CIT offers Malagasy interpreters and translators with legal, medical and specialty experience, including criminal and civil matters, employee meetings, engineering, patent cases, labor disputes, immigration and more.
Although based in Los Angeles, CIT offers comprehensive Malagasy language services including interpretation, translation and transcription, 24 hours a day, 7 days a week, worldwide. Our interpreters and translators are native speakers who have been screened, certified, have provided credentials, field tested, and kept up to date with developments in both English and the Malagasy language through means such as lectures, conferences, and travel. CIT’s Malagasy language interpreters and translators possess in-depth knowledge of the Malagasy language, as well as of the culture and history of the Malagasy people, allowing them to provide informed and complete interpretation and translation.
The Malagasy Language
The Malagasy language is part of the Malayo-Polynesiona language family, particularly the East Barito branch. It is spoken in Madagascar as the national and official language of the country. It is also spoken in Comoros, Reunion and Mayotte. There are approximately 18 million Malagasy speakers worldwide.
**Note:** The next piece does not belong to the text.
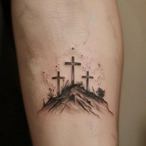 Get inspired for your next tattoo with this deeply symbolic three-crosses tattoo collection. A symbol of faith, sacrifice, and redemption.

Some additional communities that speak the language are located in Franch, Quebec (Canada), Belgium and Washington, D.C. (USA).
Since Malagasy is part of the Malayo-Polynesian family of languages, it is closely related to other languages of the same family located in Indonesia, Malaysia and the Philippines. It is particularly close to a Southeast Barito language called Ma’anyan.
The Malagasy language was first recorded in the 1400s. It is written in the Sorabe and Latin scripts. In Malagasy, there are loanwords from Swahili and Arabic. Additionally, because French is the former colonial language, there are some loanwords from French as well. Because of 18th century pirates who came to the area, there are some loanwords in English as well.
There are many dialects of Malagasy. These include Antankarana, Bara, Masikoro, Northern Betsimisaraka, Merina, Sakalava, Tanosy, Tesaka and Tsimihety. The standard form of Malagasy is the Merina dialect which is spoken in the capital of Antananarivo and in the highlands. Merina can go by other names such as Plateau Malagasy, Ambaniandro, Borizany, Fiteny Malagasy, Hova, Malgache, Official Malagasy, Standard Malagasy or Teny ofisiealy. In Madagascar, Malagasy is the language used in primary and secondary schools. French is also used.
In the 1600s, as the French build Fort-Dauphin, which is now known as Tolanaro, located in the south of Madagascar, it came to their attention that the Malagasy people were using Sorabe, which is a form of Arabic letters, to write Malagasy. This seemed odd to them considering that Sorabe had previously only been used for magical text and astronomy. In 1658, the first Malagasy language dictionary was published by Eitenne de Flacourt. Later, in 1885, an English-Malagasy dictionary was published by James Richardson. A Welsh missionary, David Jones, came up with a way to write Malagasy using the Latin alphabet. This occurred in 1823. Working with another missionary named David Griffiths, Jones wrote the Bible in Malagasy. They then brought over the London Missionary Society to help build churches and schools in Madagascar.